Future studies are needed to understand possible pathways between cumulative PPI use and the development of dementia.

Classification of Evidence

This study provides Class III evidence that the use of prescribed PPIs for >4.4 years by individuals aged 45 years and older is associated with a higher incidence of newly diagnosed dementia.

Introduction

Proton pump inhibitors (PPIs), available through prescription and over the counter, are currently the first-line therapy for the short-term treatment (4–8 weeks) of gastroesophageal reflux disease (GERD) and peptic ulcers.^1-4 In a study based on US emergency department visits, PPI use increased from 4% to 9% from 2002 to 2009.⁵ PPIs were dispensed more than 115 million times in 2016.⁶ In addition, up to 63% of PPI prescriptions did not have a documented gastrointestinal diagnosis and may have been inappropriately prescribed.^5,7 Long-term use of PPIs has not been approved; nevertheless, chronic PPI use is common.⁸

Chronic PPI use has been linked to numerous health conditions such as stroke, cardiovascular disease, chronic kidney disease, and dementia.^1,2 Previous studies on the relationship between PPI use and dementia report mixed results.^9-15 Two recent meta-analyses report no association among 7 case-control/cohort studies (pooled HR: 1.10 [95% CI 0.88–1.37])¹⁶ and 8 cohort studies (pooled risk ratio (RR): 1.17 [95% CI 0.95–1.44]).¹⁷ However, precision was somewhat poor, and the heterogeneity of the included studies was high (I² = 95%–96%).^16,17 Furthermore, there were numerous limitations including suboptimal generalizability. Study participants were predominantly White or Asian. Another limitation was that in approximately half the studies, dementia diagnosis was defined entirely by ICD codes, and these are known to have poor sensitivity. Finally, a majority of the studies did not account for intraindividual variation in PPI use over follow-up, but instead defined the exposure as short-term or any use of PPIs during follow-up. Examining long-term or cumulative exposure to PPIs may be necessary due to the long latency period of dementia. Our primary research hypotheses tested in this study are whether current and greater cumulative exposure to prescribed PPIs would be associated with a higher risk of incident dementia in the Atherosclerosis Risk in Communities (ARIC) study.

Methods

Study Population and Design

The ARIC study is a population-based cohort of adults recruited from 4 US communities: Washington County, MD; Forsyth County, NC; selected suburbs of Minneapolis, MN; and Jackson, MS. In 1987–1989 (visit 1), the ARIC study recruited and examined 15,792 men and women aged 45–64 years, who predominantly identified as Black or White. Participants attended multiple in-person clinic visits: visit 2 (1990–1992), visit 3 (1993–1995), visit 4 (1996–1998), visit 5 (2011–2013), visit 6 (2016–2017), and visit 7 (2018–2019). Participants were also contacted annually by telephone from study baseline until 2011 and then twice-yearly thereafter.^18,19

ARIC visit 5 (2011–2013), attended by 6,538 participants, was the first study visit in which PPI use was common. Therefore, ARIC visit 5 served as the baseline visit for this study. All participants who were dementia-free at visit 5 were included for analysis (n = 347 cases with prevalent dementia). Participants who attended visit 5 before the 2011 annual phone call were excluded from analysis (n = 30) due to complications of calculating cumulative exposure. Participants missing covariates of interest were excluded. A total of 5,712 participants were included for the current PPI use and cumulative exposure to PPI analyses (Figure).

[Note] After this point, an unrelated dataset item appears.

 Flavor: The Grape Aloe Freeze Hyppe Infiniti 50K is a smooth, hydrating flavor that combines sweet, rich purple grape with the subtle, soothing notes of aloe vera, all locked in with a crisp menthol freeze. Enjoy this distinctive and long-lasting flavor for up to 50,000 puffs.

Figure. Flowchart of Participants in the Atherosclerosis Risk in Communities Study, 2011–2017.

APOE4 = Apolipoprotein E4; BMI = body mass index.

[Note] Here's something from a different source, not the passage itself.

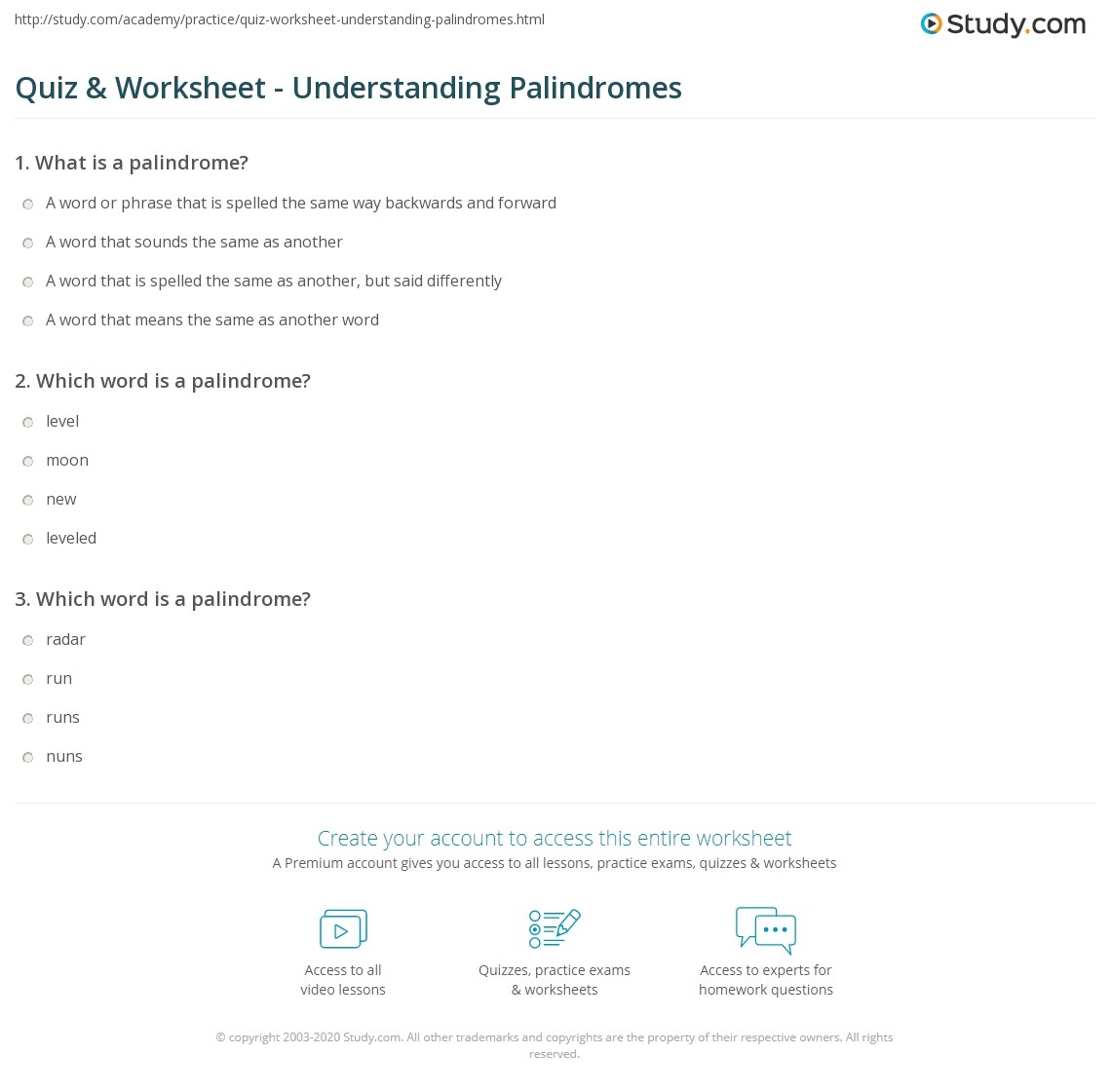 Quiz U0026 Worksheet Understanding Palindromes Study

Standard Protocol Approvals, Registrations, and Patient Consents

The Institutional Review Boards of the collaborating institutions approved ARIC, and all participants gave written informed consent.

Measurement of Exposure

Participants were asked to bring to in-person clinic visits all over the counter and prescription medications used during the preceding 2 weeks. Medications were inventoried by trained staff. PPI use was also ascertained from annual phone calls (contact years 2006–2011) during which participants were asked to assemble all current medications and “read the names of all the medications prescribed by a doctor.” Over-the-counter medications not prescribed by a doctor were excluded. The first PPI drug became available over the counter in 2003.

Two exposures of PPIs were evaluated. Current exposure to PPIs was defined as use of PPIs at visit 5. Those who were not using PPIs at visit 5 served as the reference group. Cumulative exposure to PPIs was defined as years of use from date of visit 1 examination to date of the annual phone call in 2011. If a participant was taking a PPI at a visit or call, they were assumed to be taking it until the next visit. If information was missing for a given call or visit, the last observation carried forward method was used. Cumulative PPI use was the sum of all PPI use from visit 1 (pre-FDA approval of PPIs) to 2011 (before ascertainment at visit 5). Participants who had never used PPIs before visit 5, and did not use PPIs at the time of visit 5, served as the reference group. The remaining observations were categorized into tertiles of cumulative PPI use. Thirty participants were excluded from analyses because they had participated in visit 5 in 2011 and did not have their annual follow-up call before their visit. For ease of defining the population, we excluded these 30 participants from both analyses of PPI exposures.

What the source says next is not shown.